Had some post-work drinks with a friend: 3 pints of Guinness.

Dinner: Grilled chicken, black beans and peas with onions. 1 green tea and 1 diet dr. pepper.

Snack: Protein shake with a table spoon of peanut butter and water.
 
1/20/10

Breakfast: Protein shake with blueberries, half a banana, greens powder and a table spoon of peanut butter. Supps: 2 gnc multi, 2 fish caps, 1 vit. D. 1 cup of green tea with 5 g of creatine.

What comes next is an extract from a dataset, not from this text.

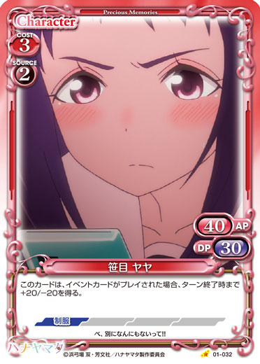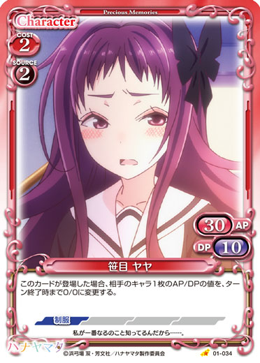 | このカードが登場した場合、相手のキャラ1枚のAP/DPの値を、ターン終了時まで0/0に変更する。 | ||

Lunch: Greek salad: Grilled chicken, feta cheese, olives, cucumber, and grape tomatoes -- topped with evoo and acv. 1 green tea and 1 diet dr. pepper.

Post-work drinks with friends: several Guinness and two angry Arnold Palmers.

Dinner: Grilled chicken breast, black beans and broccoli. 1 green tea.
 
1/21/10

Breakfast: Protein shake with blueberries, half a banana, greens powder and a table spoon of peanut butter. Supps: 2 gnc multi, 2 fish caps, 1 vit. D. 1 cup of green tea with 5 g of creatine.

Lunch: Business lunch at Ruth Chris's steakhouse -- petite Fillet Mignon with steamed asparagus. Several Stella Artois and one green tea.

Post-work drinks: several pints of Guinness.

Dinner: cheat meal -- 2/3 of a large pepperoni pizza from the Upper Crust. 4 chocolate chip cookies. One cup of green tea and one diet dr. pepper.
 
1/22/10

Breakfast: Omelet with ham, American cheese, onions, peppers, spinach and tomatoes. One iced coffee and one green tea. Supps: 2 gnc multi, 2 fish oil caps and 1 vit D.

Lunch: Chicken and escarole soup. Beef with pineapple salsa on top of a bed of spinach, black beans and broccoli -- topped with evoo and acv. 1 cup of green tea with 5g of creatine.

Post work drinks: 4 Stella Artois.

Dinner: Pesto chicken with black beans and green beans.

Snack: 3 chocolate chip cookies.
 
1/23/10

Breakfast: Protein shake with blueberries, half a banana, greens powder and a table spoon of peanut butter. Supps: 2 gnc multi, 2 fish caps, 1 vit. D. 1 cup of green tea with 5 g of creatine.

I ate like an asshole from the hours of 2 - 9 pm due to a party.

1 small cheeseburger, 1 slice of cheese pizza, 3 hot dogs, several bites of cake, loads of chips and popcorn. Several cups of diet coke and 5 beers.
 
Weighed in this morning at 194

Breakfast: Protein shake with blueberries, half a banana, greens powder and a table spoon of peanut butter. Supps: 2 gnc multi, 2 fish caps, 1 vit. D. 1 cup of green tea with 5 g of creatine.

Lunch: Chipotle salad: carnitas, black beans, bell peppers, onions, salsa fesca, guacamole, cheese and lettuce.

Snack: 1 cup of greek yogurt and 2 cookies.
- ate a handful of pistachios waiting for dinner

Dinner: 8 to 10 ozs of Turkey meatloaf, black beans with shredded cheddar and peas. 1 diet dr. pepper and 1 cup of green tea.

Snack: Protein shake with a table spoon of peanut butter and water.